Is Asking for a Raise Really Worse Than an IRS Audit?

asking for a raise

Feeling apprehensive about asking for a raise? You’re not alone. The majority of U.S. workers feel they deserve a higher salary, but just over half plan to ask for one.

Robert Half’s recent Confidence Matters study asked more than 1,000 full-time professional employees in the United States about their confidence levels and attitudes concerning their careers and compensation. Almost 90 percent of those surveyed feel they deserve a raise, but only 54 percent plan to ask for a salary increase this year.

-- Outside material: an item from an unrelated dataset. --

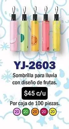 Protege-te de la lluvia con estilo y diversión con esta sombrilla con diseño de frutas. Con un diseño colorido y alegre, la Sombrilla de lluvia YJ-2603 es perfecta para añadir un toque de frescura a tus días lluviosos. ¡No dejes que la lluvia arruine tu día, lleva contigo esta sombrilla única!

In fact, many people absolutely dread the thought of asking for more money: 32 percent of those surveyed said they would rather clean the house, 13 percent would rather look for a new job, 7 percent would prefer getting a root canal … and 6 percent would rather be audited by the IRS. Here are more insights on salary-related matters brought to light in the study:

Employees have good reasons to want more pay

Among employees who do plan on asking for a raise, reasons included increased job duties, higher costs for basic needs and a lower-than-market pay rate. One-third of survey participants said they would save or invest their salary increase, while nearly a quarter would use it to pay down debts.

Most people know their worth

Among survey respondents, 59 percent had checked their salary against national averages based on third-party research. Twenty percent said they had checked the market rate in the last month.

Employees’ confidence levels vary

Many employees may need a confidence boost when it comes to asking for a raise, but the majority of workers surveyed are very confident of their prospects in today’s job market. According to the study:

• 65 percent of survey respondents would be more confident looking for a job now than just a year ago
• 30 percent of those who say they’d ask for a raise would, if turned down, ask again at their next performance review
• 19 percent would be willing to look for a new job if turned down for a raise

If you feel deserving of a raise but lack the confidence to ask for one, there’s plenty you can do to improve your situation. Keep track of your accomplishments and contributions at your organization, practice your pitch with a friend before meeting with your boss and develop a strategy before entering this conversation.

Above all, know your value. Reputable resources such as the OfficeTeam Salary Guide will tell you the high and low national averages for your position; you can then use our Salary Calculator to customize compensation data to your area. If your salary is below the market rate, use this information as leverage when asking for a raise.